Almost every item in the advanced column involves Claude Code. This isn’t a sponsored post — it’s just the tool that can directly read and write local files, which makes it the core of the entire system. But this table is temporary. Maybe one day Claude ships a mobile feature and I’ll replace OpenClaw — after all, every OpenClaw conversation burns API tokens while Claude Code’s subscription is all-you-can-eat. Tools keep changing. Principles don’t.
Seeing Yourself
New Year goals fail every year.
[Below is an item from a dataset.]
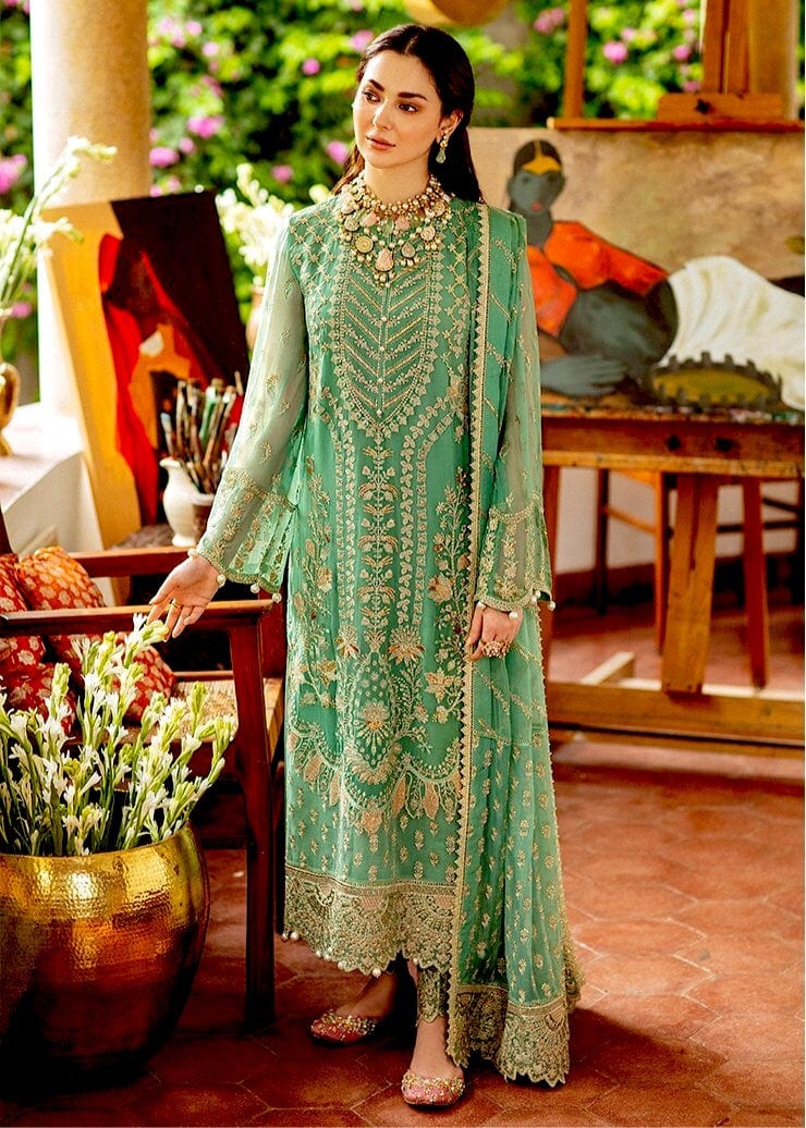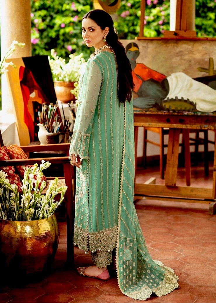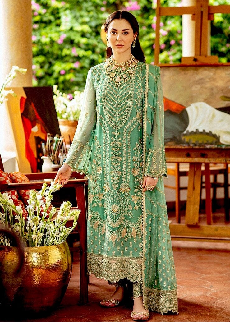 Fabric: Spend the fall season in comfort and style, with Johartaal from the Shehnai collection. Hania Amir is wearing this beautiful ensemble with ultimate grace. Its shining golden embroidery jumps out from the lighter background, making this the perfect piece for festive occasions. Embroidered chiffon Front: (1 meter) Embroidered chiffon back: (1meter) Embroidered chiffon sleeves: (0.75 yard) Embroidered organza border for front/back: (2 meter) Embroidered organza border for front: (1 meter) Embroidered chiffon dupatta: (2 yard) Embroidered chiffon two side border for dupatta: (2.5 meter) Embroidered Raw silk trousers:(2.5 yard) Embroidered organza border for trousers: (1 meter) |

Not because of laziness.
Because you can’t see yourself.
Can’t see where you are, where you’re going, or how far you have left.
AI let me build a system that’s truly mine. Not a purchased app, not someone else’s template. Built from my own needs, my own habits, one piece at a time.
Before, we were shaped by tools. Whatever app we used, we were limited by its logic.
Now, we can shape our own tools.
And finally, see ourselves.
Enjoyed this? Connect with me on LinkedIn — I’m always happy to chat about AI, systems, and building things solo.
Last updated: March 9, 2026
FAQ
- Do I need to know how to code to build this system?
- No. I use Claude Code, which you operate with natural language — just tell it what you want done. What you actually need is to think through your workflow: which steps can be automated, which data to track, and where the boundaries are.
- How long did it take to build?
- The core structure took about two weeks, but the system grew organically. I use it daily, tweak it daily, and it's been through dozens of iterations. Start with one pain point — don't try to build everything at once.
- What tools does it use?
- The core is Claude Code (AI assistant) + Obsidian (knowledge base), plus Google Calendar, Google Tasks, and other existing tools. On mobile, I use OpenClaw (a Telegram AI assistant I built). The point isn't the tools — it's making data flow between them automatically.
- How much does it cost?
- Claude subscription (Pro at $20/month gets you Claude Code, heavy usage can upgrade to Max at $100/month), Obsidian (free), plus speech-to-text at about $5/month. OpenClaw has API token costs, currently covered by Azure sponsorship credits. Typical usage runs about $25/month.